著名医師による解説が無料で読めます
すると翻訳の精度が向上します
アルツハイマー病(AD)を含む神経変性疾患の発症におけるカスパーゼの役割を支持する豊富な証拠があります。したがって、カスパーゼの活性を調節することは、治療標的と見なされています。しかし、パンカスパーゼ阻害剤を使用したAD療法に関するすべての努力は、制御されていない悪影響のために失敗しています。あるいは、RNA干渉(RNAI)を介したカスパーゼ-3遺伝子の特定のノックダウンは、将来の潜在的な治療戦略として役立つ可能性があります。本研究の目的は、レンチウイルスベクターを介したカスパーゼ-3短いヘアピンRNA(LV-カスパーゼ-3 shRNA)を使用したカスパーゼ-3遺伝子の発現をダウンレギュレートすることです。アルミニウム(AL)によって誘導されるアポトーシスに対するLV-カスパーゼ-3 shRNAの効果は、原発性培養皮質ニューロンで調査され、C57BL/6Jマウスで検証されました。結果は、一次培養ニューロンとAlにさらされたマスの皮質におけるアポトーシスとカスパーゼ-3発現の増加を示しています。さらに、LV-カスパーゼ-3 shRNAは、Alで処理したC57BL/6Jマウスの神経細胞死を減らし、学習と記憶を改善しました。我々の結果は、LV-カスパーゼ-3 shRNAがアルミニウム曝露動物モデルにおける神経変性と認知機能障害を防ぐための潜在的な治療剤であることを示唆しています。この調査結果は、ADの合理的な遺伝子治療戦略を提供します。
アルツハイマー病(AD)を含む神経変性疾患の発症におけるカスパーゼの役割を支持する豊富な証拠があります。したがって、カスパーゼの活性を調節することは、治療標的と見なされています。しかし、パンカスパーゼ阻害剤を使用したAD療法に関するすべての努力は、制御されていない悪影響のために失敗しています。あるいは、RNA干渉(RNAI)を介したカスパーゼ-3遺伝子の特定のノックダウンは、将来の潜在的な治療戦略として役立つ可能性があります。本研究の目的は、レンチウイルスベクターを介したカスパーゼ-3短いヘアピンRNA(LV-カスパーゼ-3 shRNA)を使用したカスパーゼ-3遺伝子の発現をダウンレギュレートすることです。
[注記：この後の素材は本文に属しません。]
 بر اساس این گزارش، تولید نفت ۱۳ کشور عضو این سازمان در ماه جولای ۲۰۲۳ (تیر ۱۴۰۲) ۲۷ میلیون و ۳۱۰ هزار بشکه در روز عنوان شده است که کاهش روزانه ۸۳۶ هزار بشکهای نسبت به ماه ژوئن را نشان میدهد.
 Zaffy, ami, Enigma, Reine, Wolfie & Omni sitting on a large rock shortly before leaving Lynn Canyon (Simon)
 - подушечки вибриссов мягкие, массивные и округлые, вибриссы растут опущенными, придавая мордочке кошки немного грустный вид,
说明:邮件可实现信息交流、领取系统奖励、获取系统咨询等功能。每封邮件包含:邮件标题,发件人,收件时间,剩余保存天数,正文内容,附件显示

アルミニウム(AL)によって誘導されるアポトーシスに対するLV-カスパーゼ-3 shRNAの効果は、原発性培養皮質ニューロンで調査され、C57BL/6Jマウスで検証されました。結果は、一次培養ニューロンとAlにさらされたマスの皮質におけるアポトーシスとカスパーゼ-3発現の増加を示しています。さらに、LV-カスパーゼ-3 shRNAは、Alで処理したC57BL/6Jマウスの神経細胞死を減らし、学習と記憶を改善しました。我々の結果は、LV-カスパーゼ-3 shRNAがアルミニウム曝露動物モデルにおける神経変性と認知機能障害を防ぐための潜在的な治療剤であることを示唆しています。この調査結果は、ADの合理的な遺伝子治療戦略を提供します。
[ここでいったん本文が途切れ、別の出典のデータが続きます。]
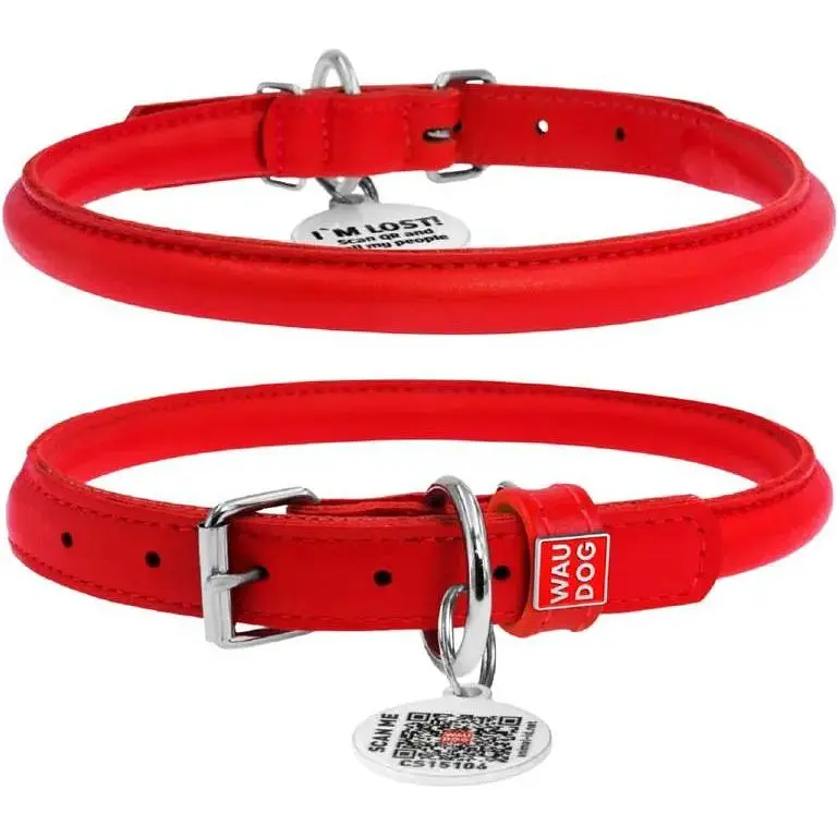 • Ошейник для собак Waudog Glamour кожаный с QR паспортом, круглый, M, Д 10 мм, Дл 39-47 см (4820152561411) - миниатюра 1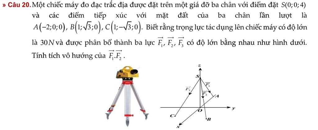 `=>` `vec(F_1)=5/2vec(SA)=(-5;0;-10)` và `vec(F_2)=5/2vec(SB)=(5/2;(5sqrt3)/2;-10)`
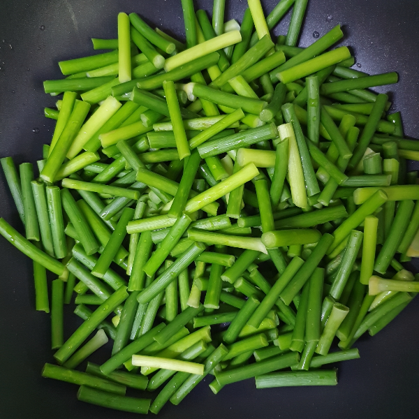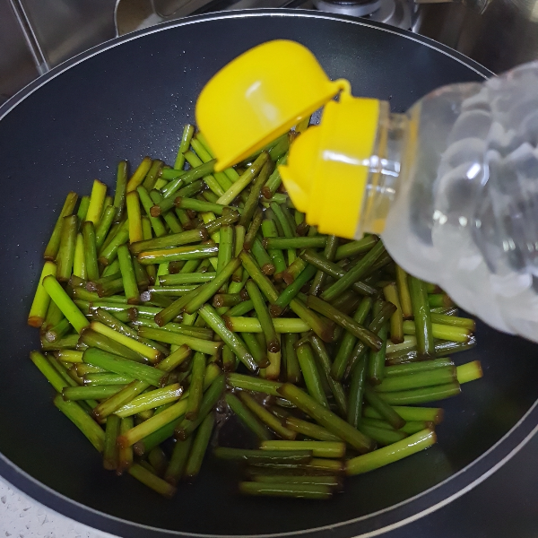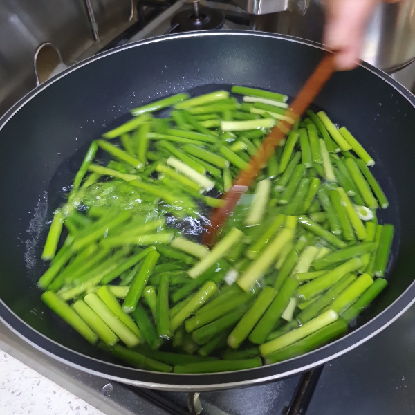 6. 팬을 달궈준 후 식용유를 1 ~ 2T 정도 넣어준 뒤, 준비해 둔 마늘쫑을 중간불에서 볶아준다.
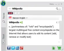 - ↑ Free Dictionary Lookup by Babylon. Babylon-software.com (2 August 2001). Retrieved on 9 November 2010.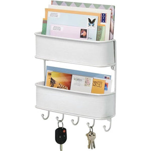 Slim opbergen: dit leuke sleutelrek biedt aan vijf haken voldoende ruimte voor uw sleutelopberging. Deze zijn ook geschikt als hoedenhaken. De constructie heeft bovendien twee compartimenten die perfect geschikt zijn als postplank. Modern design: elegant metaal gecombineerd met witte accenten van kunststof gaas. In deze moderne look verwelkomt deze sleutelorganizer de gasten bij de entree met een optisch hoogtepunt. Veelzijdig plankje: Uiteraard is dit sleutelrek niet alleen geschikt voor sleutels en post. Je kunt ook paraplu's, hoeden, sieraden of zelfs boeken opbergen en ordenen. Robuust en duurzaam: dankzij het gebruik van hoogwaardige materialen, zoals duurzaam metaal en kunststof gaas, zorgen wij ervoor dat je lang plezier hebt van dit uitstekende sleutelrek. Eenvoudig te installeren: met het meegeleverde bevestigingsmateriaal is de sleutelhouder in een handomdraai aan de muur gemonteerd. Dankzij de compacte afmetingen van 26,7 cm x 6,4 cm x 26,7 cm heb je voor de montage geen speciale beugels nodig.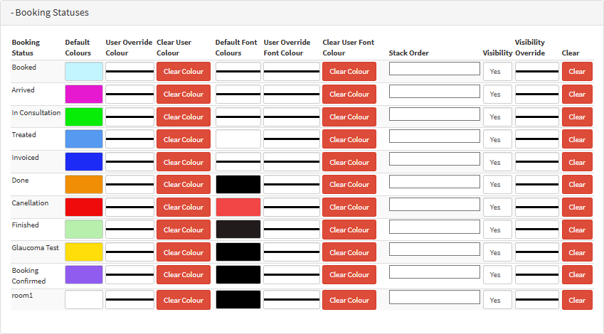 - Clear: Completely clears all user-set overrides colour, font, stack order, and visibility for that particular Booking Status, reverting it to the system default.

There is abundant evidence supporting the role of caspases in the development of neurodegenerative disease, including Alzheimer's disease (AD). Therefore, regulating the activity of caspases has been considered as a therapeutic target. However, all the efforts on AD therapy using pan-caspase inhibitors have failed because of uncontrolled adverse effects. Alternatively, the specific knockdown of caspase-3 gene through RNA interference (RNAi) could serve as a future potential therapeutic strategy. The aim of the present study is to down-regulate the expression of caspase-3 gene using lentiviral vector-mediated caspase-3 short hairpin RNA (LV-Caspase-3 shRNA). The effect of LV-Caspase-3 shRNA on apoptosis induced by aluminum (Al) was investigated in primary cultured cortical neurons and validated in C57BL/6J mice. The results indicated an increase in apoptosis and caspase-3 expression in primary cultured neurons and the cortex ofmice exposed to Al, which could be down-regulated by LV-Caspase-3 shRNA. Furthermore, LV-Caspase-3 shRNA reduced neural cell death and improved learning and memory in C57BL/6J mice treated with Al. Our results suggest that LV-caspase-3 shRNA is a potential therapeutic agent to prevent neurodegeneration and cognitive dysfunction in aluminum- exposed animal models. The findings provide a rational gene therapy strategy for AD.
医師のための臨床サポートサービス
ヒポクラ x マイナビのご紹介
無料会員登録していただくと、さらに便利で効率的な検索が可能になります。